The performance of typical lithium-ion (Li-ion) or nickel metal hydride (NiMH) rechargeable batteries degrades significantly when they are rapidly charged or discharged. Making the active material in the battery a thin film allows for very fast charging and discharging, but reduces the capacity to nearly zero because the active material lacks volume to store energy.
Braun’s group wraps a thin film into three-dimensional structure, achieving both high active volume (high capacity) and large current. They have demonstrated battery electrodes that can charge or discharge in a few seconds, 10 to 100 times faster than equivalent bulk electrodes, yet can perform normally in existing devices.
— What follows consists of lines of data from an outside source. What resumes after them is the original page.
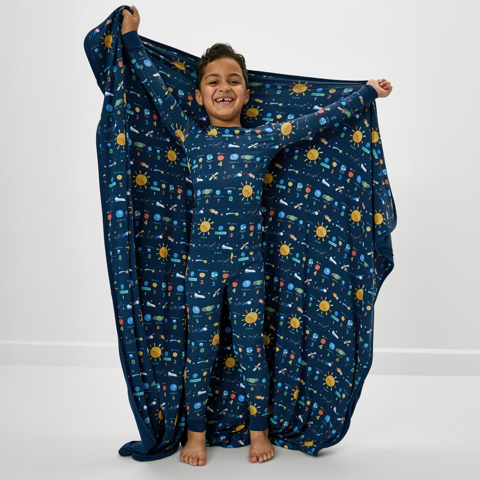 Cosmic cuddles, here we come! The Solar Explorers Large Cloud Blanket® features solar system wonders your little learner will love. Made from triple-layered Lunaluxe® Bamboo that's gentle on sensitive skin, this bamboo blanket is perfect for after-school space lessons and story time. Grab matching jammies to make together-time more special!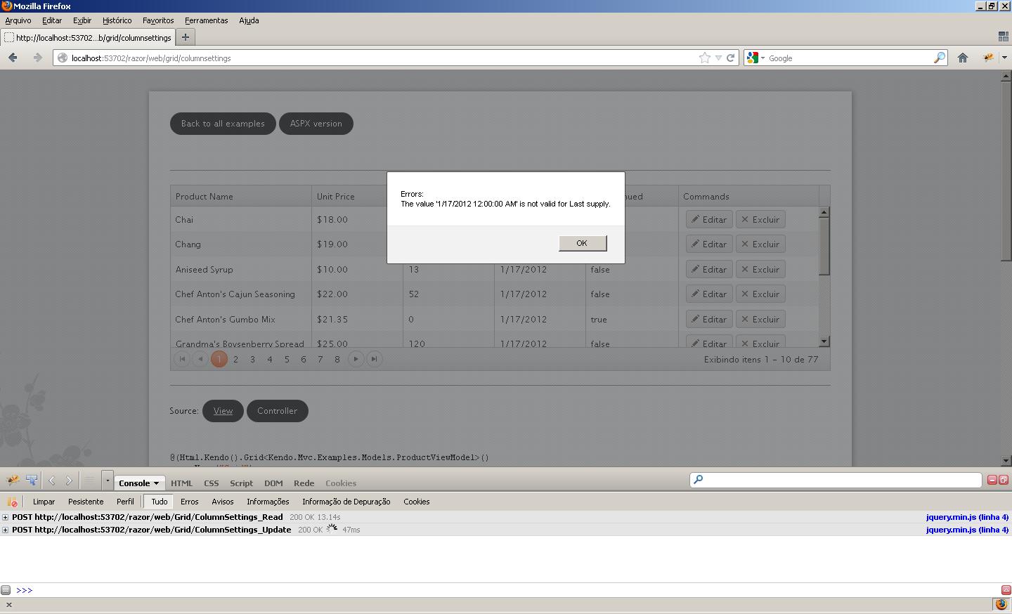 Something similar occurs on the example provided with Wrappers for KendoUI, Collumn Settings (http://localhost:53702/razor/web/grid/columnsettings). If I edit a row, change any field's value and click on Update, it looks like changes where accepted, but an alert is showed: "Errors: The value '1/17/2012 12:00:00 AM' is not valid for Last supply". I know I can fix it refering the right culture file, but it's not the main problem.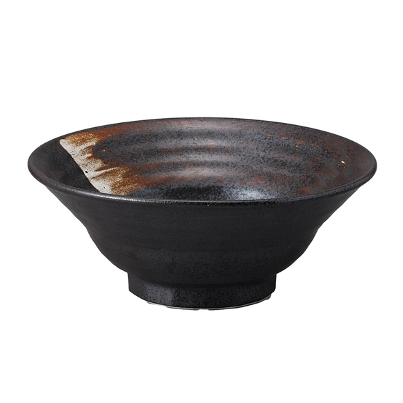 Japansk ramenskål från Kawai i serien Shuzeki Keirin. Skålen är tillverkad i Japan av porslin som tål höga temperaturer, vilket gör den idealisk för ramen. Den rustika, svarta designen gör skålen perfekt för servering av autentisk ramen och andra asiatiska rätter på restauranger.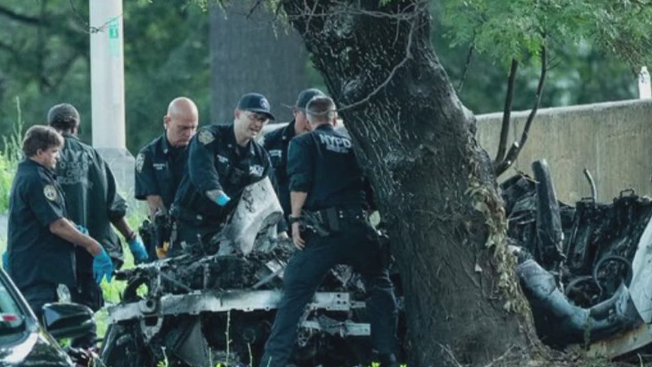 Una oficial de policía y un hombre mueren tras estrellar su auto contra un árbol que se encendió en llamas en Nueva York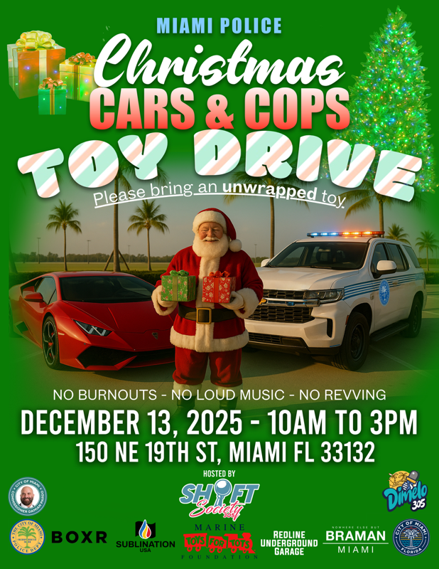 Miami Police Department invites you in TOY DRIVE on December 13,2025 between 10:00 AM and 3:00 PM. Click on the flyer for more info.

This kind of performance could lead to phones that charge in seconds or laptops that charge in minutes, as well as high-power lasers and defibrillators that don’t need time to power up before or between pulses.
Braun is particularly optimistic for the batteries’ potential in electric vehicles. Battery life and recharging time are major limitations of electric vehicles. Long-distance road trips can be their own form of start-and-stop driving if the battery only lasts for 100 miles and then requires an hour to recharge.
"If you had the ability to charge rapidly, instead of taking hours to charge the vehicle you could potentially have vehicles that would charge in similar times as needed to refuel a car with gasoline," Braun said. "If you had five-minute charge capability, you would think of this the same way you do an internal combustion engine. You would just pull up to a charging station and fill up."
All of the processes the group used are also used at large scales in industry so the technique could be scaled up for manufacturing.
They key to the group’s novel 3-D structure is self-assembly. They begin by coating a surface with tiny spheres, packing them tightly together to form a lattice. Trying to create such a uniform lattice by other means is time-consuming and impractical, but the inexpensive spheres settle into place automatically.
Then the researchers fill the space between and around the spheres with metal. The spheres are melted or dissolved, leaving a porous 3-D metal scaffolding, like a sponge. Next, a process called electropolishing uniformly etches away the surface of the scaffold to enlarge the pores and make an open framework. Finally, the researchers coat the frame with a thin film of the active material.
The result is a bicontinuous electrode structure with small interconnects, so the lithium ions can move rapidly; a thin-film active material, so the diffusion kinetics are rapid; and a metal framework with good electrical conductivity. The group demonstrated both NiMH and Li-ion batteries, but the structure is general, so any battery material that can be deposited on the metal frame could be used.
"We like that it’s very universal, so if someone comes up with a better battery chemistry, this concept applies," said Braun, who is also affiliated with the Materials Research Laboratory and the Beckman Institute for Advanced Science and Technology at Illinois. "This is not linked to one very specific kind of battery, but rather it’s a new paradigm in thinking about a battery in three dimensions for enhancing properties." The U.S. Army Research Laboratory and the Department of Energy supported this work.